I was wondering the same. I know very little about either, but it reminds me of the containment issues that plasma fusion has, and I wondered if they could do something similar and make a controlled turbulence.
Shooting rings of plasma. Forming a ring of hot dense plasma moving quickly is an exercise for the reader.
It's alluring because turbulent modes are one of the leakier parts of magnetic confinement fusion devices. "Confining turbulence" is a thing that makes plasma physicists sit up in their chair.
Bulk plasmas behave as fluids as described by magnetohydronamic theory. If you observe a behavior in fluids there is a good chance that behavior will exist in plasmas if scaled correctly in size and time. Plasmas are, obviously, much more complicated. This warrants experimentation though because no one has ever tested something like this.
If this gives us better fluid dynamic models and better designs, it could be huge. Better ship propellers and hulls, cars, trucks, airplanes, jet engines. Wind turbines and gas turbines. Also combustion and all kinds of chemical reactions that need mixing.

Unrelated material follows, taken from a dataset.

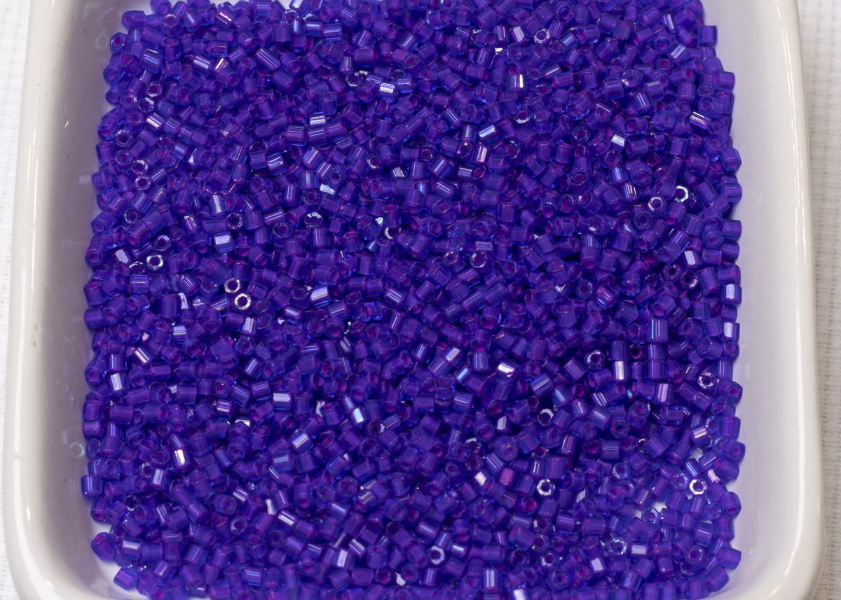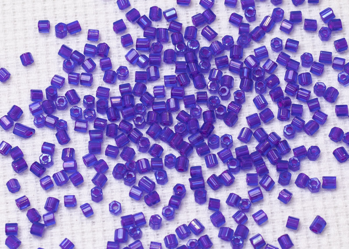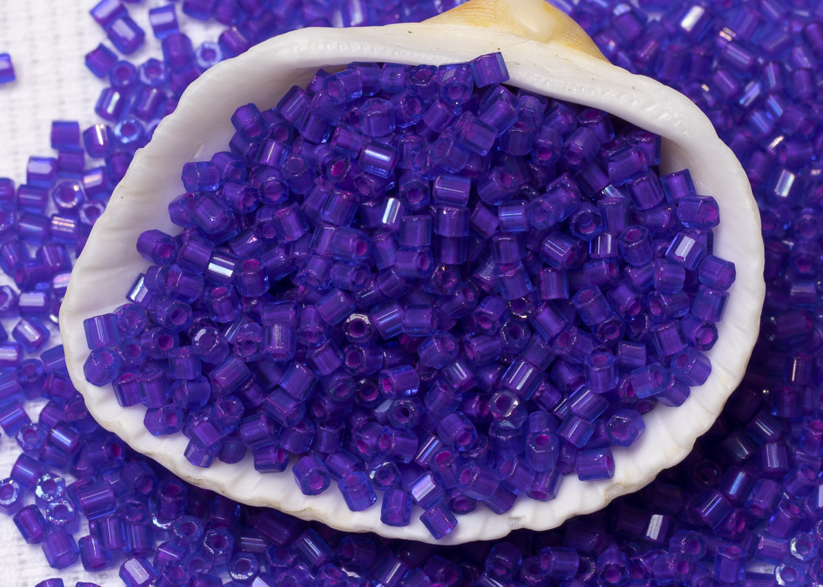 Бисер Чехия рубка 10/0 50г 34057 фиолетовый, розовая линия внутри

My understanding is that this will not give us any breakthroughs in fluid dynamic modelling capabilities for real life applications.
The main challenge for turbulence modelling in applications is to accurately represent the boundary layers around walls, especially where you have transitions and separation. Isotropic turbulence like they have here is well resolved by existing models.
Nevertheless it is very cool stuff that you can do this. Although if I am to play devil's advocate, I do wonder at how "isolated" this turbulence actually is, since it's continuously being pumped by eight vortex ring generators.
Yeah, nothing really like that. That’s about containing a ball (/other shape) of gas in a vacuum. This is about creating a turbulent system that doesn’t propagate into nearby fluid.
It’s as if you stirred up a bathtub, but there were only waves in half the bathtub, with a fairly clear line between waves and still water.
That said, it’s related to the general problem of co trolling chaotic systems, so it’s possible that there might be theoretical insights which apply across that domain.
Naively, this idea would allow for turbulent “burning” regions within an otherwise smooth flow around a ring. The idea of a smooth boundary on your plasma constrained by magnets which has turbulent interior regions may turn out to be useful.